At the national general council (NGC) in Pretoria last week, the party adopted a ”cooling-off period” resolution, which it says ”should apply to comrades who have been employed in a particular government sector and make sure that after leaving that employment they must not be active in that sector for a period of time’’.
Since it came to power in 1994, the ANC has been under pressure to regulate the behaviour of its politicians and public servants who were seen to be abusing their positions by preparing the ground in the private sector before resigning from the government.
The issue came to a head at the end of last year when former Department of Communications director general Andile Ngcaba resigned from the department and epitomised the situation by buying a stake in Telkom.
During his tenure at the communications department Ngcaba was the chief architect of Telkom’s privatisation and critics said he now stood to accrue personal wealth as a result of policies he had designed.
But long before the Ngcaba move, Minister of Public Service and Administration Geraldine Fraser-Moleketi had complained about skilled public servants who took lucrative retirement packages and then set themselves up as consultants to government.
Since the mid 1990s senior politicians and civil servants have moved in droves to the private sector.

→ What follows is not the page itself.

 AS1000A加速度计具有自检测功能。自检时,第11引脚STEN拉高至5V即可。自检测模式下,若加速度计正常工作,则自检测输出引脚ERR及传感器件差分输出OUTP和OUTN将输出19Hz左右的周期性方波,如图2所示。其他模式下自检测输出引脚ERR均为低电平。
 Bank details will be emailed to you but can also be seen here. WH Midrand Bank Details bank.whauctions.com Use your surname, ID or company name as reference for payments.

The first post-apartheid director general of transport, Dipak Patel, for example, stepped straight into a job as head of Stannic.
Both Jay and Jayendra Naidoo left government to immediately form the J&J group .

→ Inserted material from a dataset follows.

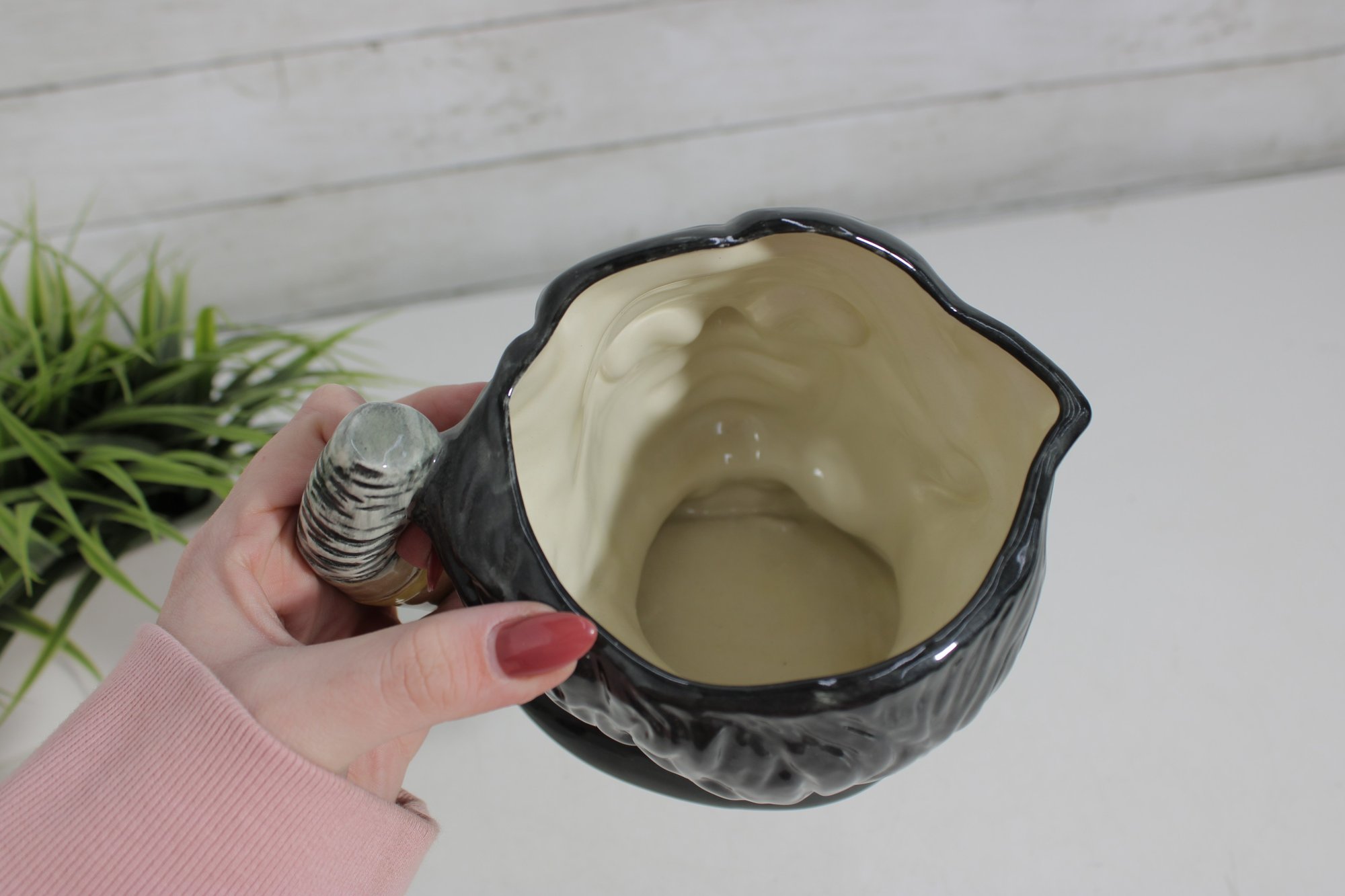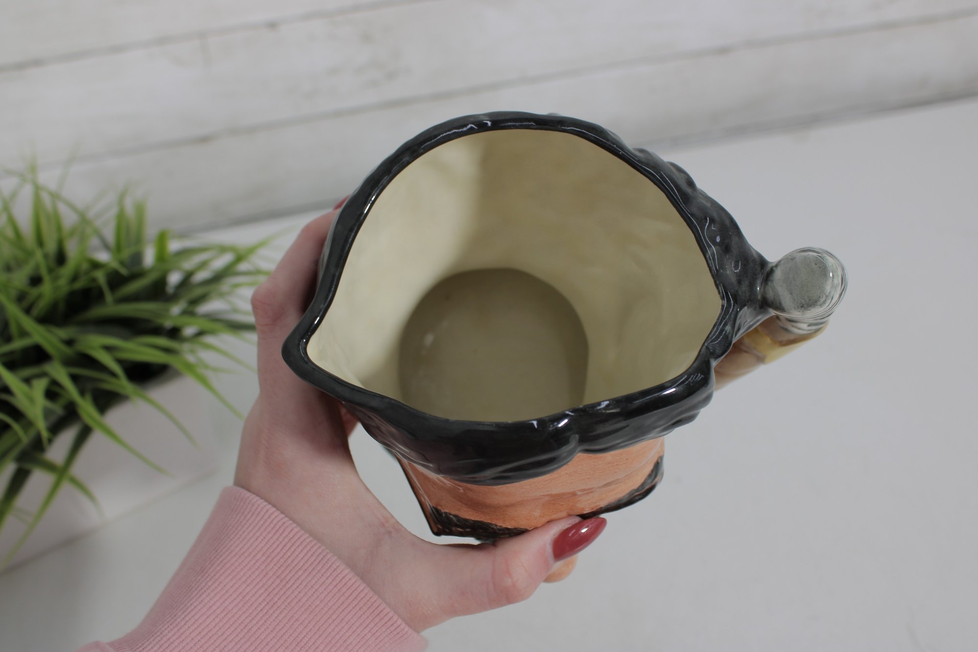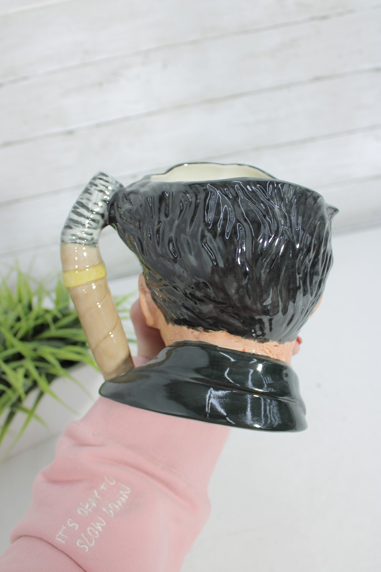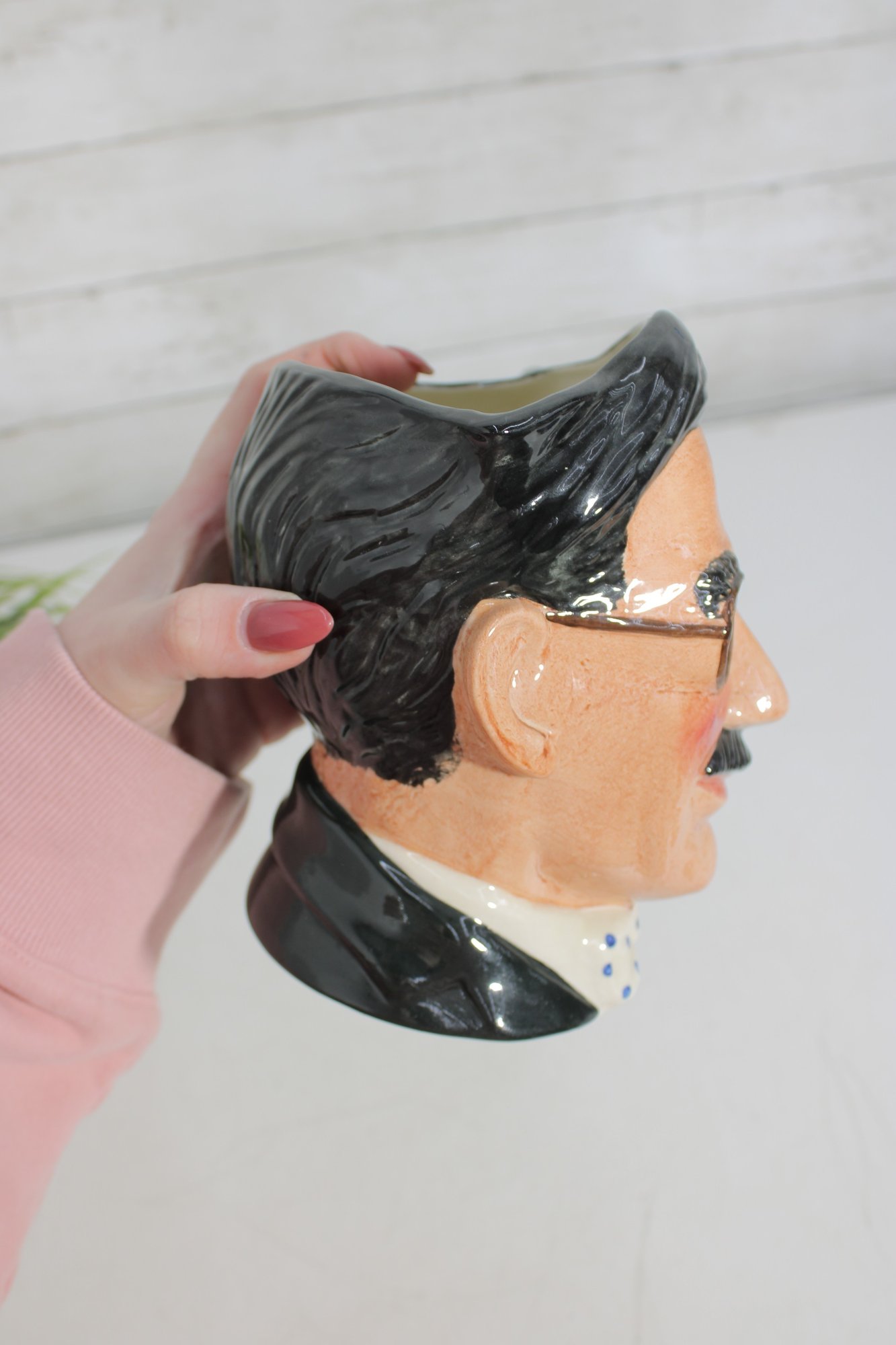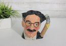 a wonderful Royal Doulton hand-painted character mug depicting Groucho Marx, part of The Comedy Collection. This figural Toby-style jug stands approximately 7 inches tall and captures Groucho’s unmistakable look—round glasses, arched brows, mustache, and bow tie—along with a sculpted handle formed as a cigar.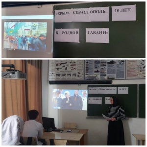 В целях формирования таких ценностей как: патриотизм,любовь к Родине,служение Отечеству и воспитания чувства гражданственности,любви и уважения к России в 9 классе МБОУ "СОШ с.п.Калаус" классным руководителем Болтукаевой Е.М. было проведено внеурочное занятие: "КРЫМ И СЕВАСТОПОЛЬ.10 ЛЕТ В РОДНОЙ ГАВАНИ"

This year former North West premier Popo Molefe and former environmental affairs minister Valli Moosa raised eyebrows when their company, Lereko Investments, bought a 7,25% stake in the Imperial Group. The empowerment deal was worth about R1,4-billion. Talk in the industry was that Imperial was buying influence in government circles but Imperial insisted that the politicians were entrepreneurs on their own.
Former minister of justice Penuell Maduna also moved straight into the legal fraternity by joining Bowman Gilfillan as a director as soon as he quit from the government in April last year.
Parliament has, for several years, been considering legislation on post-employment restrictions for senior politicians and civil servants.
Such restrictions would serve as a public sector restraint of trade.